2.8.2. Determination of the thermal stability of immobilized lipase
To examine the irreversible thermo-inactivation of free and immobilized lipase, the enzyme solution was incubated at mentioned temperature for 3 h. At different time interval, samples were picked up and analyzed for residual activity.
Storage stabilities of the free and coated-MGO-magnetic CLEAs lipase were also investigated by incubating enzyme solutions in phosphate buffer (100 mM, pH 7.5) without substrate at 4 °C. Every 2 days, cMGO-CLEAs lipase was picked up by a magnetic and washed by distilled water. After that, the lipase activity in free and immobilized enzyme was measured as described previously. The remaining lipase activities were measured by counting the initial lipase activity as 100%.
2.8.3. Determination of Kinetic parameters
Kinetic factors of both free and coated-MGO-magnetic CLEAs lipase were examined using diverse concentrations of pNPP in phosphate buffer (100 mM, pH 7.0) at 45 °C. In both forms, 2 mg of lipase was used in each assay reaction.
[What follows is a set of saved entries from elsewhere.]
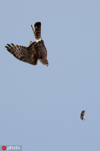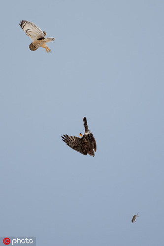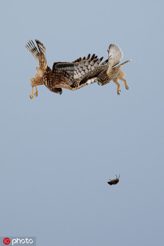 Được biết, chim cú tai ngắn và chim ưng đuôi trắng chiến đấu dữ dội để tranh giành con mồi là một con chuột đồng.
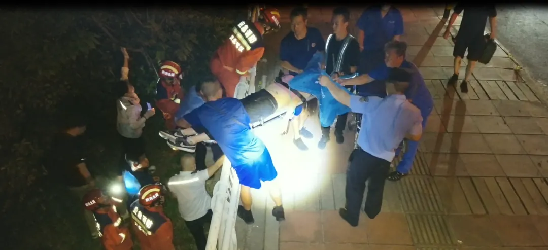 消防员到场时,民警与在场热心群众已将落水女子从水面救至桥下,120医护人员正在现场对落水女子进行急救。由于桥面离桥下有一定的高度,加上环境昏暗,桥下人员难以将落水者转移至桥面。消防员在观察周围地形后,立刻携带救援担架到达桥下,同时展开无人机为救援现场提供照明。在将落水女子抬上救援担架后,众人合力穿越桥洞,从另一侧较平缓处翻越护栏,将落水女子成功转移至路边等候的120救护车上。
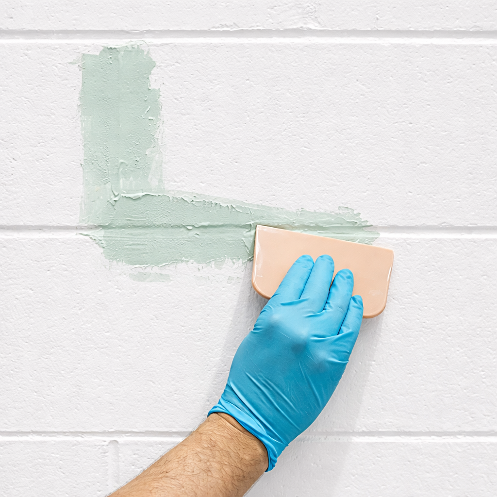 Thick formula spreads evenly on vertical surfaces. Non-shrinking and water resistant.

The amounts of Vmax, Km factors for free and coated-MGO-magnetic CLEAs lipase were considered from line Waver-Burk plot of the initial reaction rates equivalent to different substrate concentrations.
2.9. Biodiesel production
Enzymatic transesterification reactions were carried out by free and cMGO-CLEAs lipase and maintained for 48 h with a stirring speed of 160 rpm. The reaction consists of 0.4 g oil (oil from Ricinus communis), methanol (1:3 molar ratio between R. communis oil and methanol) and 0.2% enzyme (free or correspond lipase on support) (w/w, based on the oil weight, g). At diverse time intervals (6, 12, 24 and 28 h), 100 µl of reaction blend was picked up and diluted with the same volume of n-hexane solvent. Afterward, the sample was gathered and the upper layer (10 µL) was performed to gas chromatography (GC) investigation for biodiesel measurement (Ji et al., 2010; Wang et al., 2017; Malekabadi et al., 2018).
3. Results and discussion
3.1. Screening and identification of bacterial producing the methanol-tolerant lipase
Lipase producing bacteria were screened in enrichment culture medium supplemented with olive oil as a sole source of carbon. Furthermore, methanol (30%, v/v) was also used to acquire the methanol tolerant lipase. The clear area around the colonies on the tributyrin agar plate was evaluated as lipase production. The greatest lipolytic strains were also examined on the olive oil plate complemented with phenol red, as a pH indicator. Results showed this isolate was a strain which displayed the maximum pink area around the colony. The 16S rDNA gene of MG isolate was amplified and sequenced (Genbank Accession No. MF927590.1) and compared by BLAST investigation to other bacteria in the NCBI database. The results proposed a near relationship between MG10 isolate and the other members of the Enterobacter genus with a extreme sequence homology (99%) to Enterobacter cloacae. The phylogenetic tree (Fig. 1) designated that the strain MG10 was associated with Enterobacter species and used for the following study.
3.2. Purification and immobilization of the lipase
Cell free supernatant of MG10 stain was exposed to ammonium sulfate precipitation (85% saturation) and Q-sepharose chromatography. Lipase MG10 was eluted from the Q-Sepharose column with a 19.5-fold purification and a 38.1 % yield, and it displayed a specific activity of 442.6 U/mg. This yield of MG10 lipase was analogous to the lipase of S. maltophilia (33.9%) (Li et al., 2013) and lower than lipase from P. aeruginosa PseA (51.6%) (Gaur et al., 2008), but greater than lipase of B. licheniformis (8.4 %) (Sharma and Kanwar, 2017). SDS–PAGE analysis of the MG10 lipase shown that it has a single band about 33 kDa, which it is dissimilar with the other Enterobacter cloacae.
Results of protein measurement with Bradford technique displayed that protein loading on these coated magnetite nanomaterials was succeeded. Moreover, the results of determination of protein loading on these nanomaterials shown that, immobilization efficiency was achieved about 73%. mGO-CLEAs lipase was dispersed in phosphate buffer. After a magnet was positioned sidewise, mGO-CLEAs Lipase showed fast response (60 seconds) to the peripheral magnetic field. It incomes that the magnetic CLEAs-Lip particles were shown suitable magnetic concern even though layers of CLEAs-Lipase were covered on their surfaces, wherein it is significant in term of lipase immobilization.